What Are Control Groups?
Control groups (cgroups) are a Linux kernel feature that organises processes into hierarchical groups whose resource usage can be limited, monitored, and accounted for. Originally developed by Google engineers Paul Menage and Rohit Seth in 2006 (initially called "process containers"), cgroups were merged into the Linux kernel in version 2.6.24 (January 2008).
While namespaces create the illusion of isolation by controlling visibility, cgroups provide actual physical resource constraints. A process in a PID namespace might not be able to see other processes, but without cgroups it could still consume 100% of the CPU, allocate all available memory, or saturate disk I/O — effectively crashing the entire host and all other containers.

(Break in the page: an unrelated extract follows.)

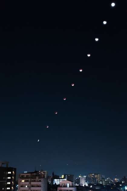 11月19日は、夕方より部分月食の観察ができました。小路小学校の屋上で15分ごとに固定撮影した画像を、1枚に重ねてみました。月の動きと、月の形の変化がよくわかります。
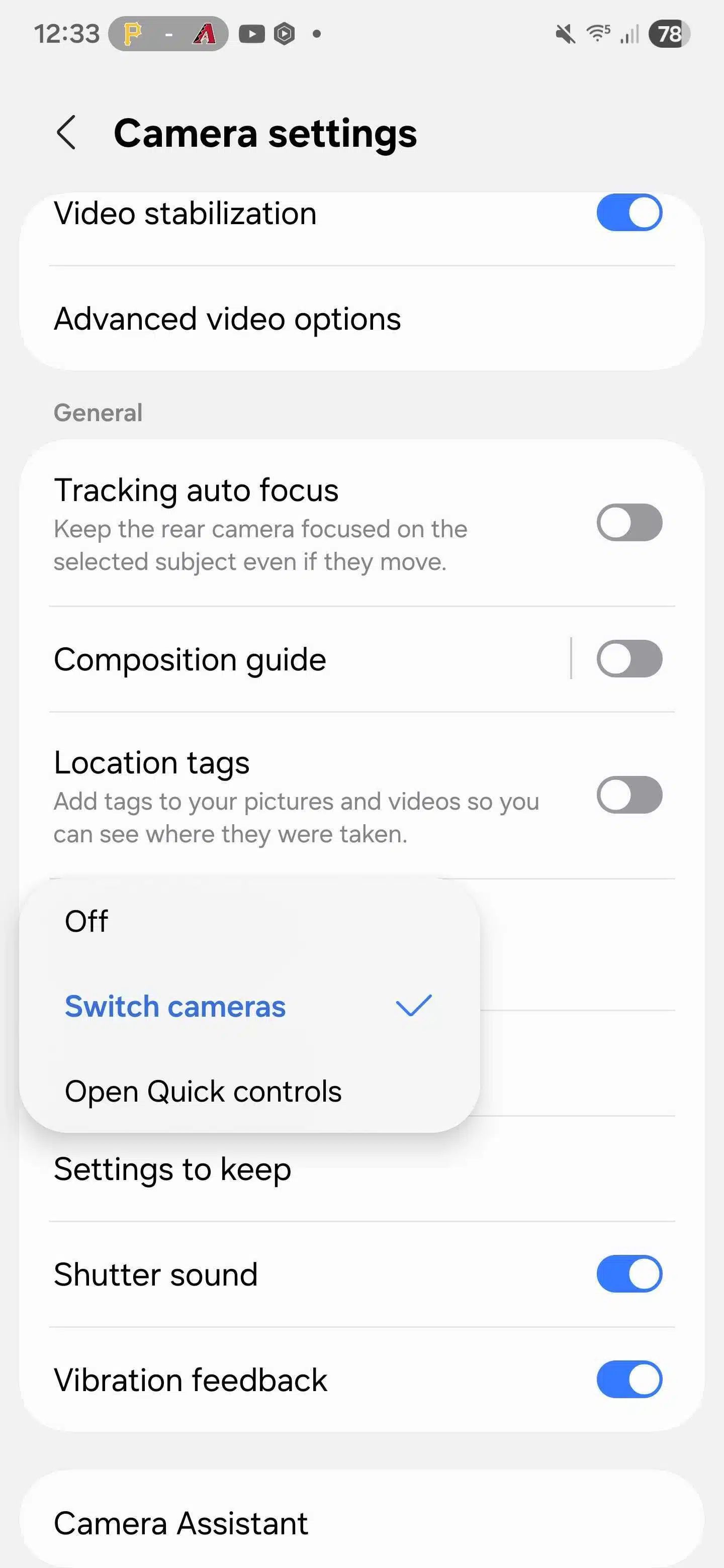 One UI 8 让访问相机快捷控制变得更快,用户只需在预览屏幕上向上或向下滑动即可打开它们。你还可以在相机设置中设置此操作,选择通过简单的滑动手势打开快捷控制。

cgroups provide four key capabilities:
- Resource limiting — Set hard caps on CPU time, memory usage, I/O bandwidth, and process count
- Prioritisation — Give some groups more resources than others when there is contention
- Accounting — Track how much of each resource a group has consumed (for billing, monitoring, capacity planning)
- Control — Freeze, checkpoint, restart, or kill all processes in a group atomically
Hierarchical Organisation
cgroups are organised in a tree structure. Each node in the tree is a group, and child groups inherit limits from their parents (but can set stricter limits). This hierarchy maps naturally to container orchestration: the system gets the root cgroup, each container runtime gets a child cgroup, and each container gets a grandchild cgroup.
# View the cgroup hierarchy on a modern Linux system (cgroups v2)
# The filesystem is mounted at /sys/fs/cgroup
ls /sys/fs/cgroup/
# Output: cgroup.controllers cgroup.max.depth cgroup.procs cpu.max memory.max ...
# View the tree structure
find /sys/fs/cgroup -name "cgroup.procs" -maxdepth 3 | head -20
# /sys/fs/cgroup/cgroup.procs
# /sys/fs/cgroup/system.slice/cgroup.procs
# /sys/fs/cgroup/system.slice/docker.service/cgroup.procs
# /sys/fs/cgroup/system.slice/ssh.service/cgroup.procs
# /sys/fs/cgroup/user.slice/cgroup.procs
# See which cgroup a specific process belongs to
cat /proc/self/cgroup
# Output (v2): 0::/user.slice/user-1000.slice/session-1.scope
# See which cgroup a Docker container's process belongs to
CONTAINER_PID=$(docker inspect --format '{{.State.Pid}}' my-container)
cat /proc/$CONTAINER_PID/cgroup
# Output (v2): 0::/system.slice/docker-abc123...def.scope
cgroups v1 vs v2 — Understanding the Transition
The Linux kernel has two implementations of cgroups that differ significantly in architecture. Understanding both is essential because production systems still run both versions, and Docker/Kubernetes behave differently depending on which is available.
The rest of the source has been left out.